Farmer John has been informed of the location of a fugitive cow and wants to catch her immediately. He starts at a pointN(0 ≤N≤ 100,000) on a number line and the cow is at a pointK(0 ≤K≤ 100,000) on the same number line. Farmer John has two modes of transportation: Walking and teleporting.

* Walking: FJ can move from any pointXTo the pointsX-1 orX+ 1 in a single minute
* Teleporting: FJ can move from any pointXTo the point 2 ×XIn a single minute.

If the cow, unaware of its pursuit, does not move at all, how long does it take for Farmer John to retrieve it?

Input

Line 1: two space-separated integers: NAnd K

Output

Line 1: the least amount of time, in minutes, it takes for Farmer John to catch the fugitive cow.

Sample Input

5 17

Sample output

4

Hint

The fastest way for Farmer John to reach the fugitive cow is to move along the following path: 5-10-9-18-17, which takes 4 minutes. algorithm analysis: a BFS search question. At the beginning, I thought it was necessary to find a Unified Algorithm formula to calculate the minimum number of steps from "Start number" to "end number, however, after thinking about it for half a day, I finally thought about solving the problem with violence. But isn't this an algorithm question for BFS? Yes, it is not a common Linear brute force search, but the BFS concept is needed. After careful analysis, you can know that computer programs cannot dynamically decide how to continue from the current step to achieve the best results! (Only in this question) Our idea is: Starting from the "current node", we can go to the remaining three nodes, and the three nodes can reach three nodes respectively, in addition, there are nine vertices.
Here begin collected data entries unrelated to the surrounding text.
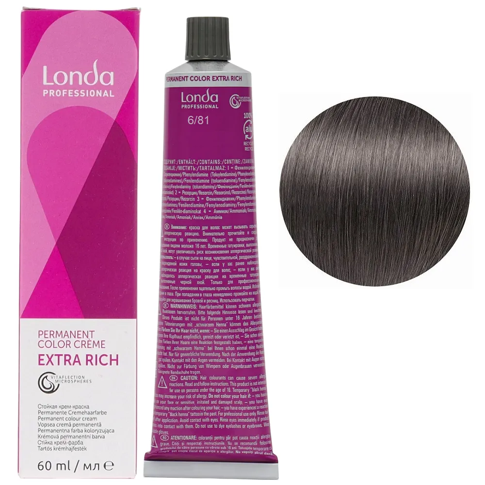 Стійка крем-фарба з мікросферами Vitaflection, які відбивають світло, для стійкого, насиченого життєвою енергією кольору і виняткового блиску волосся. Забезпечує тривалий результат – завдяки спеціальній технології фарба глибоко проникає у структуру волосся, забезпечує інтенсивний колір до 8 тижнів. Має широку палітру понад 100 відтінків для будь-якого типу та кольору волосся. Особливості продукту: 6/81 темний блондин перлинно-попелястий Стійка фарба для волосся, 60 мл Permanent Color Londa Professional Фарба має престижну систему ароматів з високоякісним маскуванням аміаку, що робить фарбування більш приємним досвідом для вашого клієнта. Застосування: 6/81 темний блондин перлинно-попелястий Стійка фарба для волосся, 60 мл Permanent Color Londa Professional Змішати фарбу Permanent Color з окислювачем Permanent Hair Colour Developer Londacolor 3%, 6%, 9% або 12%. Пропорції змішування: Час витримки залежить від бажаного результату. Важливо! Продукт для професійного застосування. Уважно ознайомтесь з інструкцією.Стійка фарба для волосся Permanent Color Londa Professional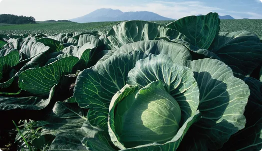 昼夜の寒暖差と澄み切った空気に育まれたキャベツ419は、ぎゅっと詰まった甘み、やわらかな食感、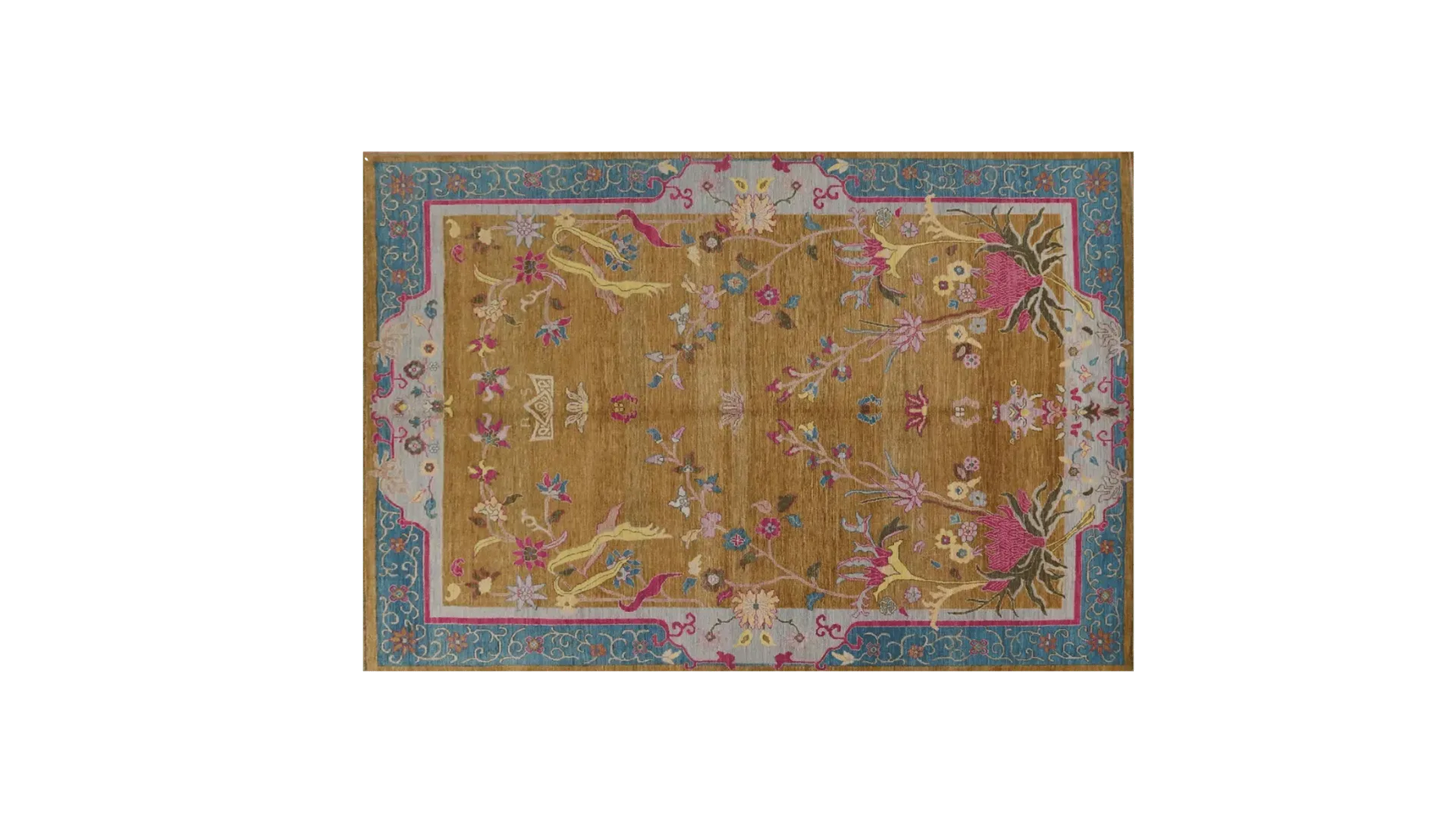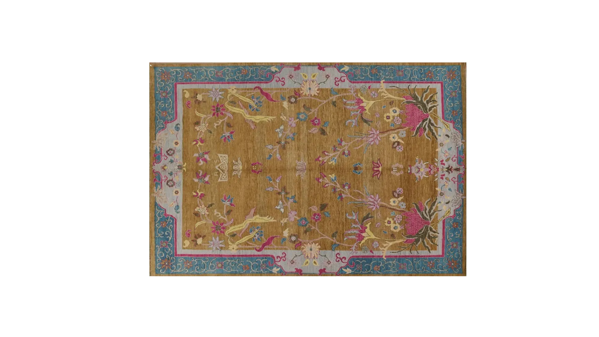 Celebrate and preserve artisan handcrafts and global traditions around the world with our Blue Bordered Spring Floral in the Golden Sky Wool Hand Knotted Area Rug.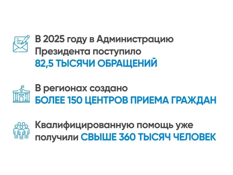 The implementation of the "Listening State" concept remains one of the priority areas of work. In 2025, the president's administration received 82,500 appeals.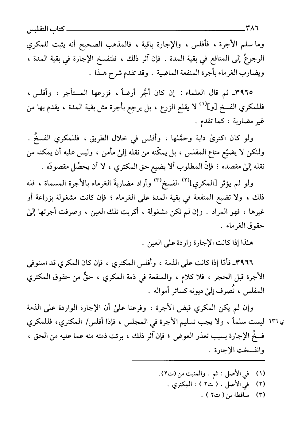 3966 - فأمّا إذا كانت على الذمة، وأفلس المكتري، فإن كان المكري قد استوفى الأجرة قبل الحجر، فلا كلام، والمنفعة في ذمة المكري، حقٌّ من حقوق المكتري المفلس، تُصرف إلى ديونه كسائر أمواله.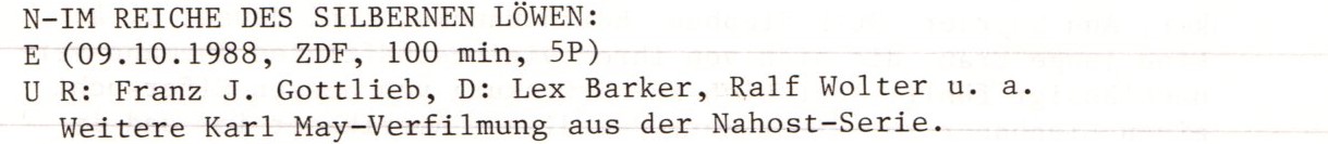 Erstaunlich, wie kurz wir uns damals fassen konnten, als diese quasi historische Rezension geschrieben wurde. Nun, man muss sie zusammen mit den übrigen zu den Karl-May-Orient-Verfilmungen lesen, die wir damals beschrieben haben, denn sie stand mit ihnen auf derselben Seite des mit Maschine geschriebenen Rezensionshefts, deswegen hier die Links zu den beiden übrigen Filmen „Der Schut“ und „Durchs wilde Kurdistan„.
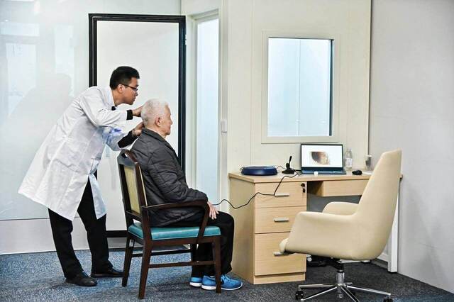联影的听力专家们切实关怀长辈们的听力健康状况,以专业的医疗级测听服务为泰康之家·蜀园的老人们进行全方位的免费听力健康检测。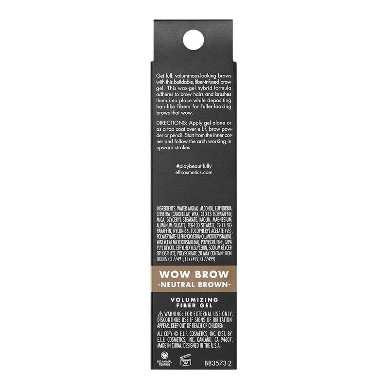 e.l.f. Wow Brow Gel, Volumizing, Buildable, Wax-Gel Hybrid, Creates Full, Voluminous-Looking Brows, Locks Brow Hairs In Place, Neutral Brown, Fiber-Infused, 0.12 Oz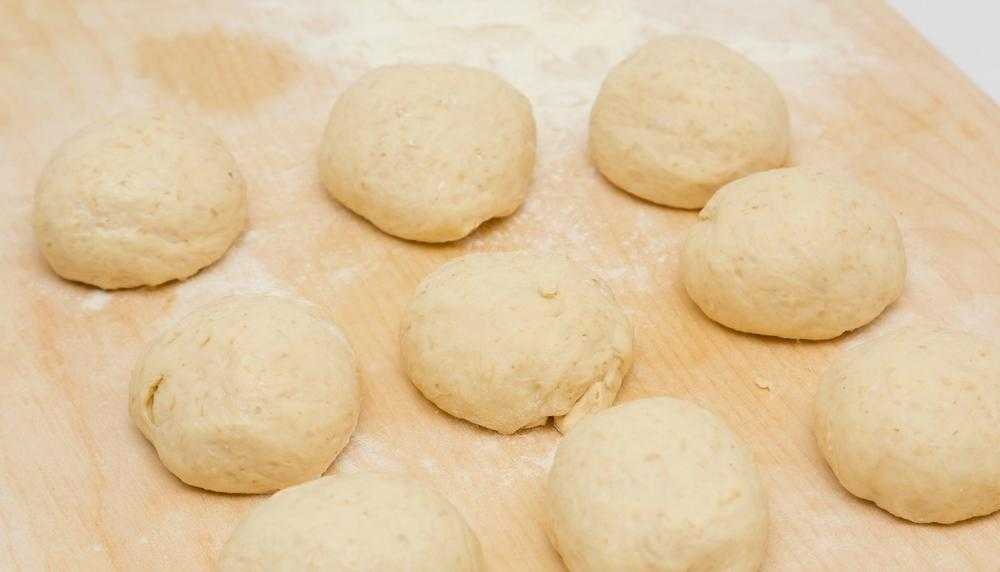 Увеличившееся в размере тесто разделить на 15 частей и скатать в шарики. Заготовки разложить на противень, смазанным жиром. Прикрыть полотенцем.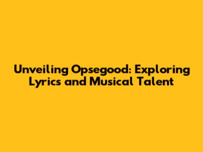 Unveiling Opsegood: Exploring Lyrics And Musical Talent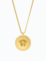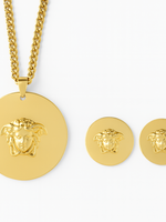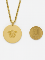 • Detalii: Pandantiv si cercei rotunzi cu medalion Medusa în relief 3D, finisaj oglindă; lanț tip curb (double curb) cu aspect solid.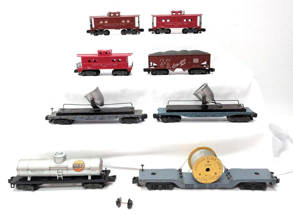 Postwar American Flyer S Gauge 936 American Flyer Lines depressed center cable reel flat car, two 934 floodlight cars (gray and blue frames), 921 CB&Q Chicago, Burlington and Quincy hopper with coal load and missing steps, 24310 Gulf single dome tank with missing steps, 938 painted American Flyer Lines caboose, 24627 unpainted American Flyers Lines caboose and 977 American Flyer Lines operating action caboose. 921 is missing steps, 24310 is missing steps, 977 has cracked catwalk ends. Trains should clean C6 area.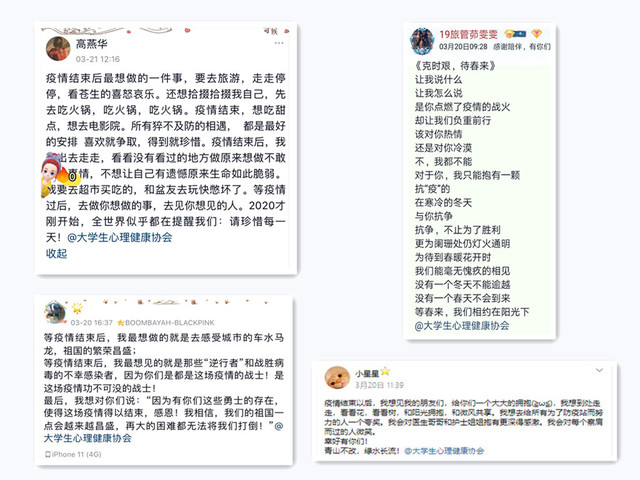 此次活动吸引了公司不同年级200余名员工参加,每一位参与的同学都认真准备,热情投入。在“战‘疫’情,不虚度”运动分享环节,同学们通过拍摄在家锻炼的运动小视频,营造阳光健康的氛围,展现乐观向上的精神风貌;在“小口罩,大创造——口罩DIY大赛”中,同学们通过巧妙构思,将原本用于隔离病毒的口罩加上了一层温暖的问候,为心灵戴上一面坚实的防护,拉近彼此的心理距离;在“疫情之后,梦你之想——我想对TA说”分享活动中,同学们敞开心扉,写下自己疫情结束后最想做的事、最想见的人和最想对TA说的话,用见字如面的特殊方式加强人际沟通,感受文字的深情;在“逆境携行,你我同心”小视频制作大赛中,同学们通过记录疫情期间的所思所想,勇敢说出内心感悟,表达出大家众志成城,同心抗疫的坚定信念;在不“疫”样海报大赛环节,同学们精心设计抗疫海报,赋予无声的图文最响亮的青春口号;在“疫”表情,抗疫情——表情包设计大赛中,同学们用简单表情包的形式表达出疫情期间所体会到的各种复杂情绪,将消极的情绪体验设计成诙谐的文字表情,将笑容传递你我。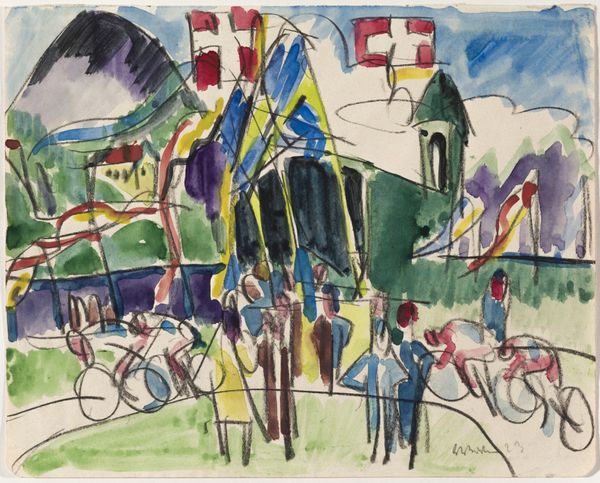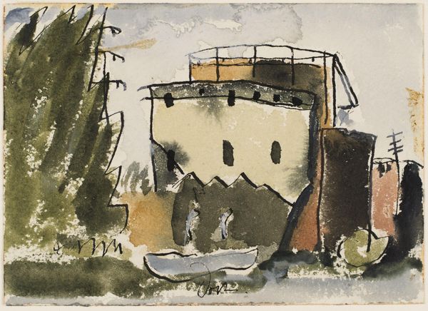 Ludwig Bemelmans created 'Capri Piazza, Sketch for "Italian Holiday"' using watercolor, pen and ink. The sketch presents a lively piazza scene, composed with fluid lines and transparent washes of color. Bemelmans uses color sparingly, yet effectively, to define shapes and suggest depth. Note the tower in the background, sketched with simple lines and pale washes, standing in contrast to the bolder, more saturated hues of the foreground. The composition is structured to draw your eye from the loosely defined background elements to the animated figures and vintage cars in the foreground, creating a dynamic sense of movement and energy. The sketch’s open form, with its unfinished quality, invites us to consider the interplay between representation and abstraction. Bemelmans captures the essence of a bustling Italian square, playing with line and color to evoke the spirit of a place through suggestion rather than precise detail. It’s a vibrant example of how a sketch can convey the atmosphere of a scene through the artist's selective use of form.

Of course, there may be repeated vertices in these nine points. That is to say, if the point has already been accessed, there will be no need for further access. Therefore, you need to use the number of Mark groups. In this case, you can determine whether each reachable point is the end point. If this point is the end point, return the number of steps to reach the "current node" (recorded using an array ).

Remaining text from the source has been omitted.